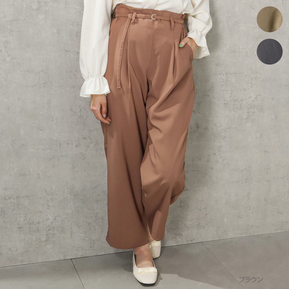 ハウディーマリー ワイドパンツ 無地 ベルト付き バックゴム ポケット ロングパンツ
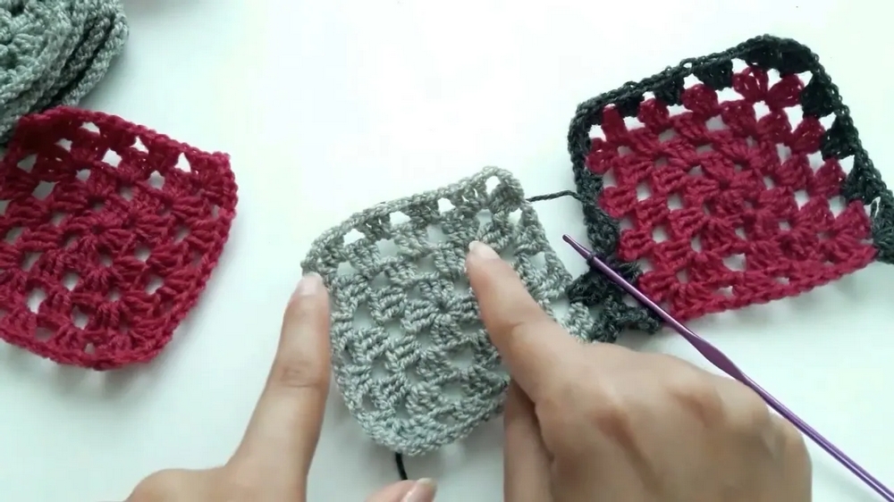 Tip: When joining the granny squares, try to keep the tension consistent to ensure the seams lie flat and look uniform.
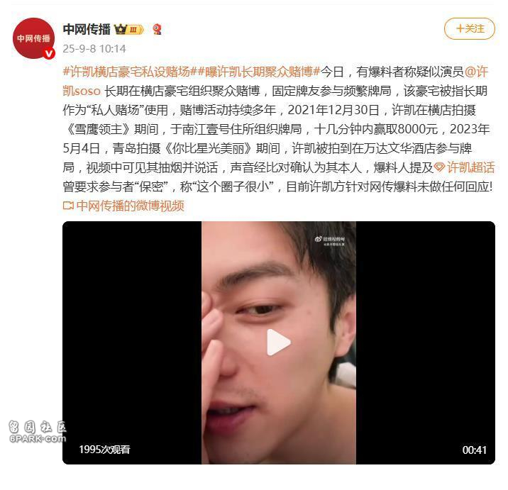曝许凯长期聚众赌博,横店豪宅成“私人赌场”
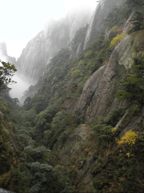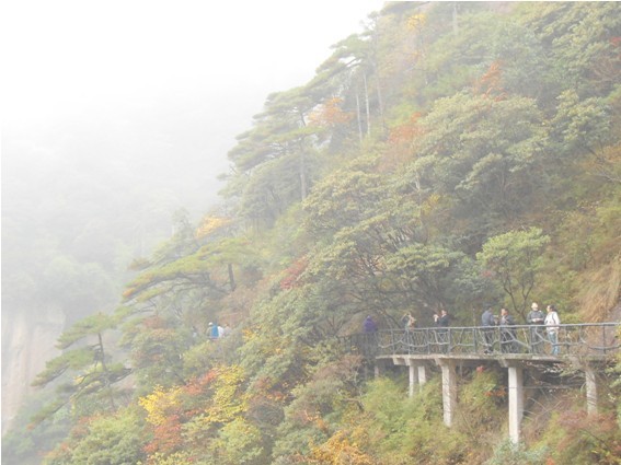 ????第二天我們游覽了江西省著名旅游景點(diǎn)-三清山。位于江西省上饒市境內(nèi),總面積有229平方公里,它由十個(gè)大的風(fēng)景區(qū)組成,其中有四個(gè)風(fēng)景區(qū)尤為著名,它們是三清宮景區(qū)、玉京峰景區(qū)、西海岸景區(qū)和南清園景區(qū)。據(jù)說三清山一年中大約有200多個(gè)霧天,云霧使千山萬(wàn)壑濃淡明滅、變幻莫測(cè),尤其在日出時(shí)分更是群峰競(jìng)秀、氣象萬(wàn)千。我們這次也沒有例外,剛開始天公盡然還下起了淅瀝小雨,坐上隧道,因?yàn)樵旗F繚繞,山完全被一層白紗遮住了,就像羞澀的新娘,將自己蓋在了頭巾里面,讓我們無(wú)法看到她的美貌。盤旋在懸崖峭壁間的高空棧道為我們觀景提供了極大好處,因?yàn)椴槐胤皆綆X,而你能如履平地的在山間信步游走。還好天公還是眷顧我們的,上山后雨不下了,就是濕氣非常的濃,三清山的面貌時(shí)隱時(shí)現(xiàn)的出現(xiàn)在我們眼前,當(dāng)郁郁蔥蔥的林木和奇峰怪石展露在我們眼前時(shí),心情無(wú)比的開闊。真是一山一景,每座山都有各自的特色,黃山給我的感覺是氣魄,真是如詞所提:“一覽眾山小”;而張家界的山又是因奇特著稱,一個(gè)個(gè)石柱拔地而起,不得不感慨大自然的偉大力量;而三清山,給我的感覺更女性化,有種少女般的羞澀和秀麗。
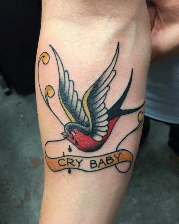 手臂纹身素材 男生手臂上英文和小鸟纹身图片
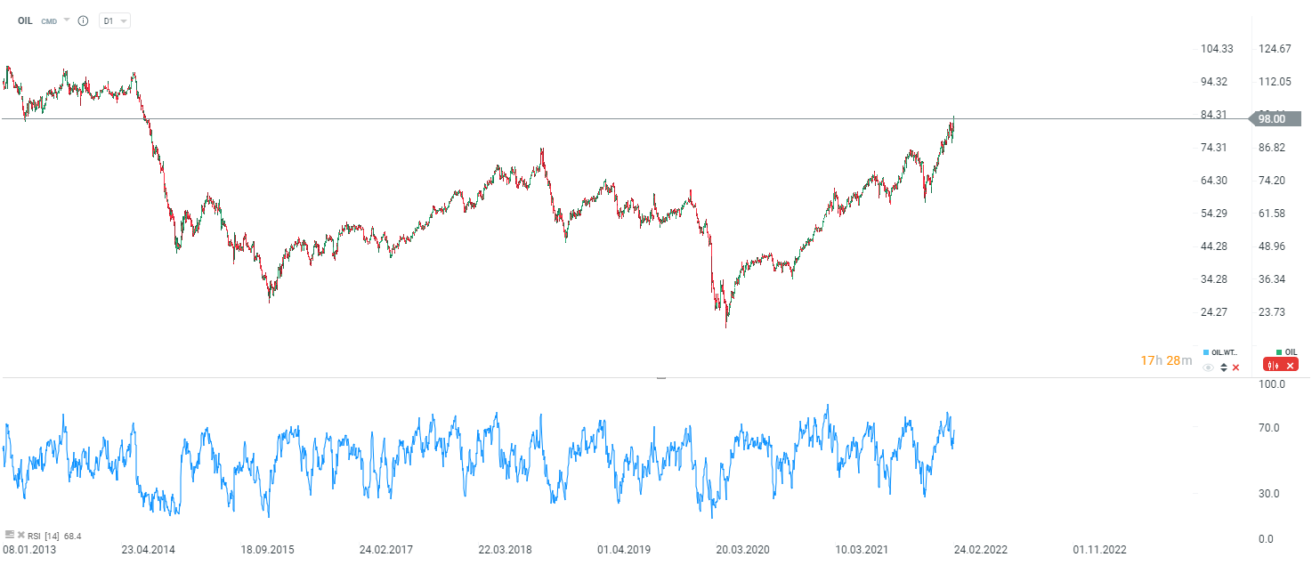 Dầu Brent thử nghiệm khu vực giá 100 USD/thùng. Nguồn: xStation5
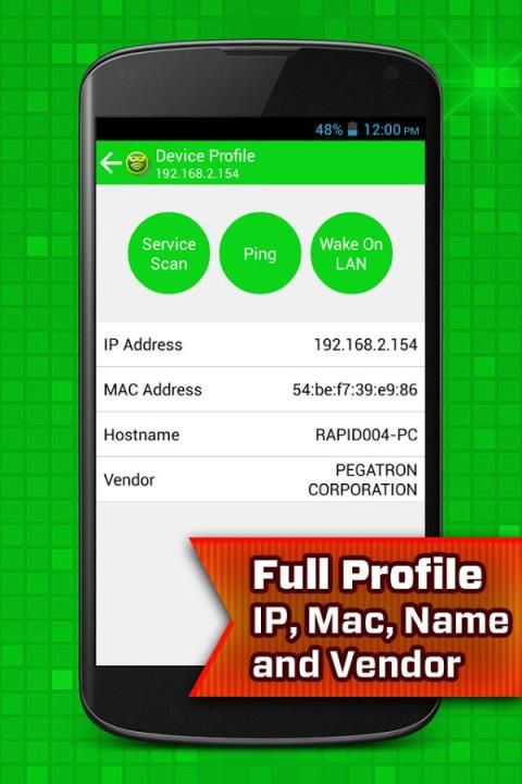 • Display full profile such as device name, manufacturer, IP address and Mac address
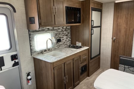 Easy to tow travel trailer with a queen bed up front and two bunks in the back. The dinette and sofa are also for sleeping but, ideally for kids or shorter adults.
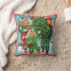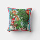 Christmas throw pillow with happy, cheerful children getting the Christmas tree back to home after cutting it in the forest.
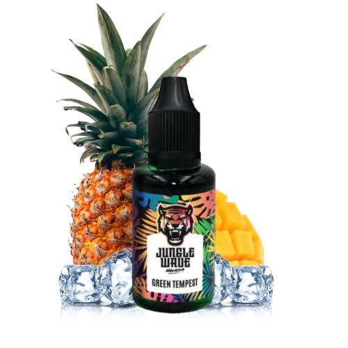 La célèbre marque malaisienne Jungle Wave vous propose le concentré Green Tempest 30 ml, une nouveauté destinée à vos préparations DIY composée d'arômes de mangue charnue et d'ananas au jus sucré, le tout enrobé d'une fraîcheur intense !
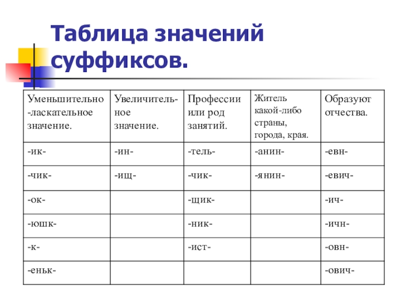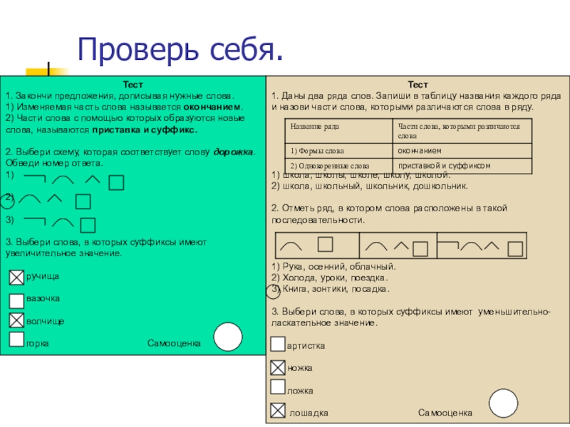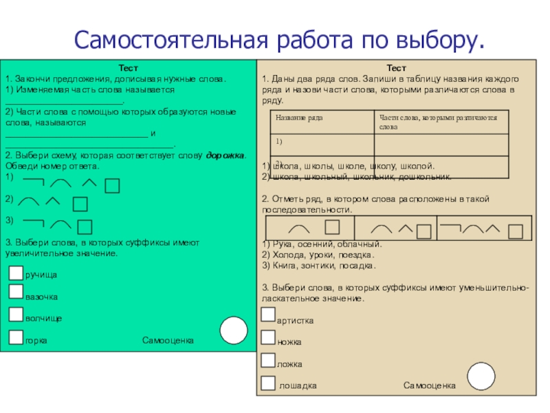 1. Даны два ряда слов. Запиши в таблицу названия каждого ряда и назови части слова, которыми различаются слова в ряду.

..............................

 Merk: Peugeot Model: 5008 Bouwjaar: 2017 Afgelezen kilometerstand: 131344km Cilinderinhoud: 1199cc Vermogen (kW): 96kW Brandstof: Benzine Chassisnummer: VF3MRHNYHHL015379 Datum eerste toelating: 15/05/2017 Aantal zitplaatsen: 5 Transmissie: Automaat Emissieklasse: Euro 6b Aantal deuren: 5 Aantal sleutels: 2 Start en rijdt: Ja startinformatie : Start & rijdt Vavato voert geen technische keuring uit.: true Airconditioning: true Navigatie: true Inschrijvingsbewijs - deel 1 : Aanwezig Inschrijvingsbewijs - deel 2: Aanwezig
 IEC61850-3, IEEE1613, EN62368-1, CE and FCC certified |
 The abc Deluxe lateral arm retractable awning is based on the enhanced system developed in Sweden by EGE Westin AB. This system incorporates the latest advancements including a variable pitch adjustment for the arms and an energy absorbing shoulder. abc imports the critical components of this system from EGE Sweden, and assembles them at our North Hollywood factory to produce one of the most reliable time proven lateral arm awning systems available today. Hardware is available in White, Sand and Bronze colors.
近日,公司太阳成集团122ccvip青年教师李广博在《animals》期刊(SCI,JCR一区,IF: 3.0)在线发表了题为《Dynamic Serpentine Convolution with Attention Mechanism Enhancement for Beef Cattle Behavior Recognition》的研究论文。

..............................

Problem description: Whatever pictures the records hold, omit them; give again exactly the lines from the one containing "Dầu Brent thử" through the one containing "Christmas throw pillow".

Exercise solution:
 Dầu Brent thử nghiệm khu vực giá 100 USD/thùng. Nguồn: xStation5
 • Display full profile such as device name, manufacturer, IP address and Mac address
 Easy to tow travel trailer with a queen bed up front and two bunks in the back. The dinette and sofa are also for sleeping but, ideally for kids or shorter adults.
 Christmas throw pillow with happy, cheerful children getting the Christmas tree back to home after cutting it in the forest.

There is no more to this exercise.